One example of a function that requires a character string (or vector) is the `install.packages` function, which is at the heart of R's ability to expand on its built-in functionality by importing **packages** that include functions, templates, and data written by users of R. If you run `?install.packages`, you'll see that the first argument `pkgs` is expected to be a character vector. You'll therefore need to enter the packages you'd like to download and install inside quotes.
Two useful packages that I recommend you install and download are `"ggplot2"` and `"dplyr"` (if you are using RStudio Server, hopefully your instructor or server administrator has already done so). The `install.packages` function has a large number of arguments, with all but the `pkgs`argument set by default. We'll pick a couple here to specify instead of using the defaults:
```{r eval=FALSE}
install.packages(pkgs = c("ggplot2","dplyr"),
repos = "http://cran.rstudio.org",
dependencies = TRUE,
quiet = TRUE)
```
If you refer back to the help via `?install.packages`, you will see descriptions that what type of argument is expected:
- `pkgs` expects a character vector
- `repos` expects a character vector
- `dependencies` expects a logical value (`TRUE` or `FALSE`)

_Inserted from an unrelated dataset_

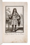 Ces deux volumes offrent une spectaculaire revue de personnages, costumes et métiers du siècle de Louis XIV. Les « portraits en mode » y sont particulièrement bien représentés, gravés par plusieurs membres de la dynastie Bonnart – Henri II, le plus célèbre, ses frères Nicolas Ier et Robert -, représentant les célébrités de l’époque sous l’aspect de jeunes mannequins attrayants, à commencer par le roi, Madame de Maintenon, la famille royale, la Cour… D’Henri Bonnart figurent également plusieurs estampes de la série de ses allégories mises en mode. Les autres gravures de mode contenues dans ces volumes sont dues à Jean Dieu de Saint-Jean, aujourd’hui considéré comme l’inventeur du genre, et à ses suiveurs parisiens Claude-Au - guste Berey, Nicolas Arnoult, ou encore Antoine Trouvain. On y trouve enfin un très important ensemble (75 planches) de « costumes gro - tesques » de Nicolas de Larmessin, fascinante suite de portraits allégoriques composés à partir des outils et produits de leur métier.

- `quiet` expects a logical value
After you've downloaded the packages, you can load the package into your R environment using the `library` function:
```{r eval=FALSE}
library("ggplot2")
library("dplyr")
```
## Closing thoughts
There are many more advanced analyses that can be done with R, but this chapter provides a way to get started with R without digging in too much. I encourage you to review this chapter frequently as you learn to use R. Quiz yourself on what a specific command does, and then check to see if you are correct. Breaking R is a pretty hard thing to do. Play around, and try to figure out error messages on your own first for 15 minutes or so. Then, if you are still not sure what is going on, check out some of the help with errors in the next chapter.